BÖLÜM 13
“Azul onu da koleksiyonuma katmak istiyorum.”
İri gözleriyle elma yanaklarıyla o kadar sevimliydi ki küçük kız, bunu söylerken amacı her ne kadar kötü olursa olsun komik bir hal alıyordu. Azul, küçük kıza somurtarak konuştu.
“Niye bu sınırların içerisine aldın bizi? Nasıl olsa ölecekler, hangisinden başladığının ne önemi var?”
Küçük kız, yanaklarını şişirmiş, dudaklarını büzmüştü. Sevimlilikten çatlayacak bir şekilde onu cevapladı.
“Efsane ustalar bunlar kadar güçsüz değiller. Hem kaçmalarını istemiyorum. Kumral ve kılıç senin... Eşitlenmiş olduk. İkiye iki... Önce bitiren kazanır.” dedi ve kafasını yana büktü, “Anlaştık mı?”.
Oyun oynuyor gibi kendi kafalarında eşleştirme yapıyorlardı. Rabi oldukça sakindi diğer ikisine nazaran. Amber, onlara bakarak iç çekti.

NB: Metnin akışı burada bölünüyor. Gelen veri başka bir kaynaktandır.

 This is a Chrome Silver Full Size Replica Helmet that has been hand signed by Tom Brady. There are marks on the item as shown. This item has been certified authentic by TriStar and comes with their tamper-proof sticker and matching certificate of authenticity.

“Ne acı… Rütbelilerin böyle hilelere başvurduğunu bilmiyordum. İsminize yakışmadı bu tuzak.”
Azul ona doğru dönerek cevapladı.
“Ukala sözlerine sığınma, korkunu zaten yeterince belli ediyorsun. Kaçmak için bizi kandırmaya çalışıyorsan, büyü kullanmayacağız eğer istediğin buysa.”
Amber rütbelilerin nasıl yaratıklar olduğunu ve insanlıktan ne derece uzaklaştıklarını biliyordu. Onlar hakkında yaptığı araştırmalar tamamen doğru olmasa da bir gerçeği iyi biliyordu. Büyüden oluşan yaratıklar büyü harici hiçbir şeyden zarar görmezlerdi. Silahlar ve normal bir saldırı etkisizdi. Böyle bir durumda kadim silahlar işe yarardı ancak içlerinden sadece Zess bunu kullanabiliyordu.

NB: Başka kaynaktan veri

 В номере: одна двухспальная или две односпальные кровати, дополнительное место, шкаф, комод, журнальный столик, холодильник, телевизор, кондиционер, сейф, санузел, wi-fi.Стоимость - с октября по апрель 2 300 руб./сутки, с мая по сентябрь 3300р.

“Sizin gibi ucubelerin bedenlerinin neden yapıldığını bilmiyor muyum sence? Bu nasıl eşitlik?”
Azul, Amber’ın bu sözlerine cevap vermezken, küçük kız sadece bir aptal gibi Zess’e boş gözlerle bakıyordu. Bir şekeri ısırdı. Bu abur cuburlar nereden geliyordu? Renklenen dudakları kıpırdandı.
“Sana şans verelim mi? Ne dersin illüzyonist?”
Zess güldü. Omuz silkti.
Amber ile konuşması tamamlanmış gibi görünen Azul, Zess’e odaklandı. Hafifçe sezilen bir sertlikle konuştu. Sanki bir başkası daha önceden ondan bunu söylemesini istemiş gibiydi.
“Ölmen yazık olur. İllüzyonist olmak doğuştan kazandığın bir şans... Eğitimimizle nelere dönüşeceğini tahmin edemiyor musun?”
“Boş konuşmaya devam mı edeceksiniz?”
Zess’in cevabı karşısında Azul dişlerini sıktı.
“Sizin soyunuzun bir şeyi anlaması zor oluyor demek ki. Sonun deden gibi olacak desene.”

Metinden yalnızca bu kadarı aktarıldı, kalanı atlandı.